‘If this thing boomerangs’: Second wave of infections feared

Agencies
May 8, 2020

As Europe and the US loosen their lockdowns against the coronavirus, health experts are expressing growing dread over what they say is an all-but-certain second wave of deaths and infections that could force governments to clamp back down.

"We are risking a backslide that will be intolerable," said Dr Ian Lipkin of Columbia University's Center for Infection and Immunity.

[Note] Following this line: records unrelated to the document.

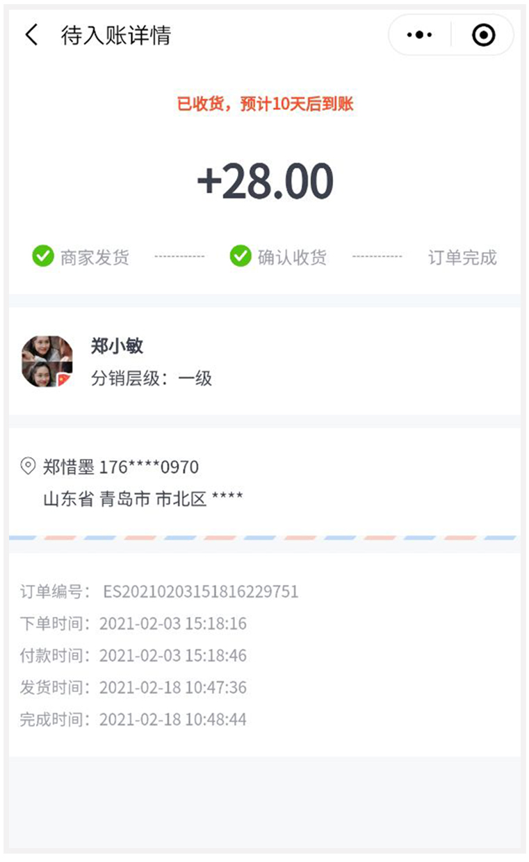 分销待入账订单详情增加显示:付款时间、发货时间、完成时间。
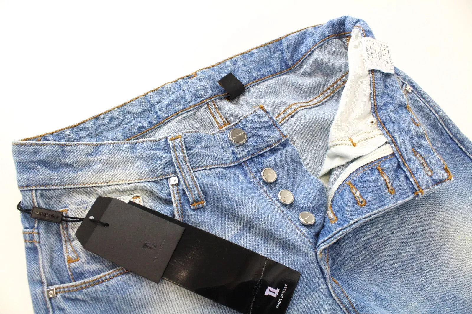 TAKESHY KUROSAWA vyriški džinsai W30 dažyti, dirbtinai nudažyti, ploni, sagomis užsegami džinsai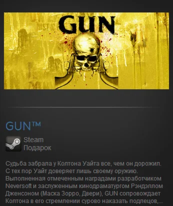 Gun - кинематографичный блокбастер от компании Activision. В этом увлекательном action'е с ролевыми элементами, выполненном в лучших традициях киновестернов, тебя ждут захватывающие приключения на Диком Западе - погони, перестрелки и зубодробительные потасовки. Оседлав своего верного коня, ты сможешь вихрем промчаться по пыльным прериям Америки, выследить своих врагов и накормить их свинцом. Докажи, что ты - не робкого десятка, и задай жару всем бандитам Нового Света!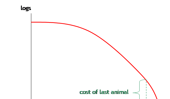 Make the (not entirely serious) assumption that we have some units to measure "animals" and "logs". Starting from a value of zero logs and all animals, suppose we reduced the number of animal units by one? How many more logs could we get? This gives the opportunity cost of the last unit of animals.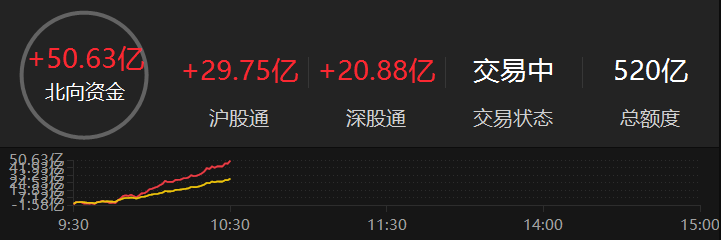 上证报中国证券网讯 截至10时31分,北向资金净流入达50亿元。其中,沪股通渠道净流入29.75亿元,深股通渠道净流入20.88亿元。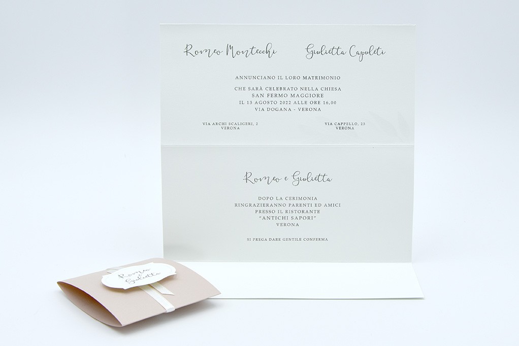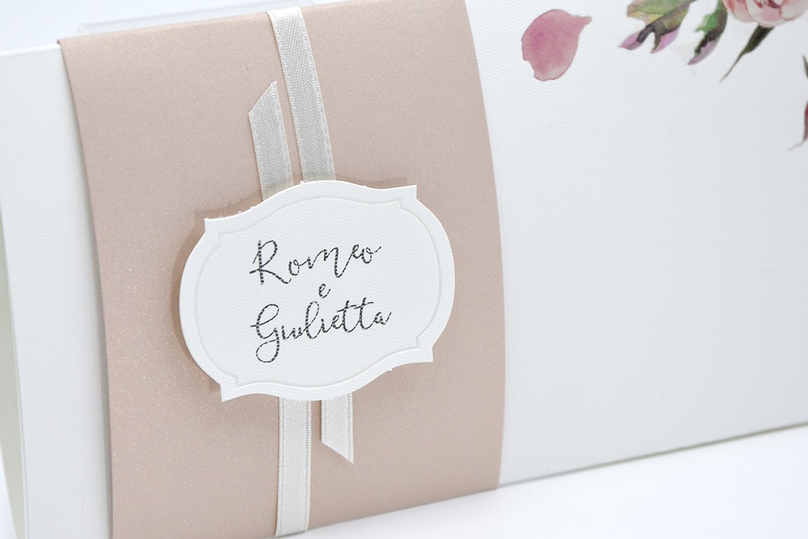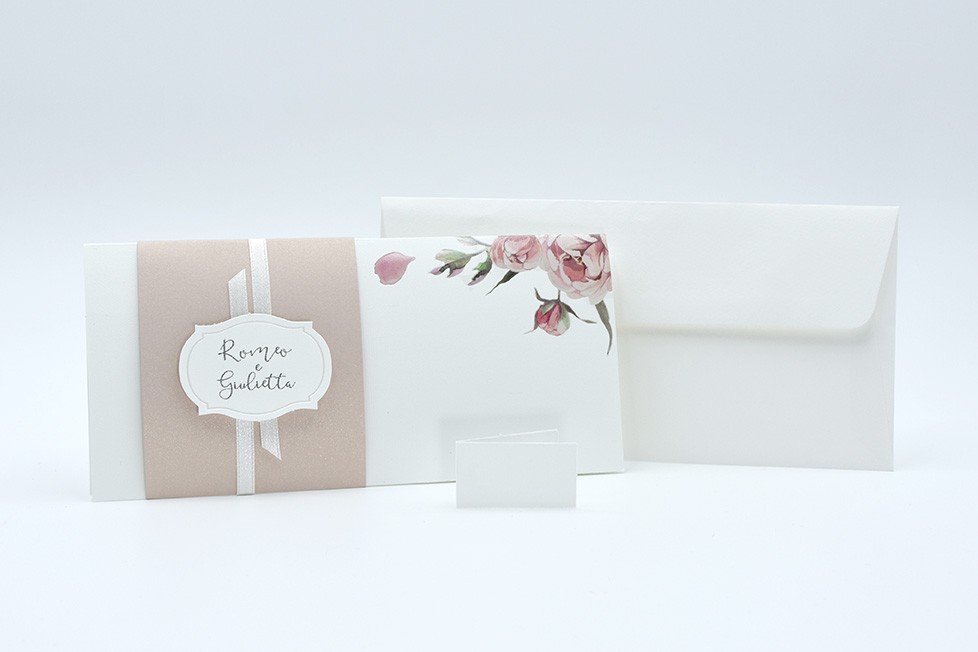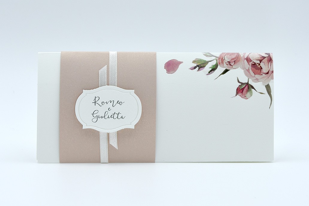 Formato aperto: 300 x 100 mm - Formato chiuso: 210 x 100 mm - Carta rosa antico 170 gr /mq (fascetta) - Carta bianca 3250 gr /mq (esterno) - Lamina a caldo trasparente lucido - Nastro doppio raso mm 6 - Busta, nastro e biglietto bomboniera inclusi nel prezzo.

Around the world, German authorities began drawing up plans in case of a resurgence of the virus. Experts in Italy urged intensified efforts to identify new victims and trace their contacts. And France, which has not yet eased its lockdown, has already worked up a "reconfinement plan" in the event of a new wave.

"There will be a second wave, but the problem is to which extent. Is it a small wave or a big wave? It is too early to say," said Olivier Schwartz, head of the virus unit at France's Pasteur Institute.

In the US, with about half of the states easing their shutdowns to get their economies restarted and cellphone data showing that people are becoming restless and increasingly leaving home, public health authorities are worried.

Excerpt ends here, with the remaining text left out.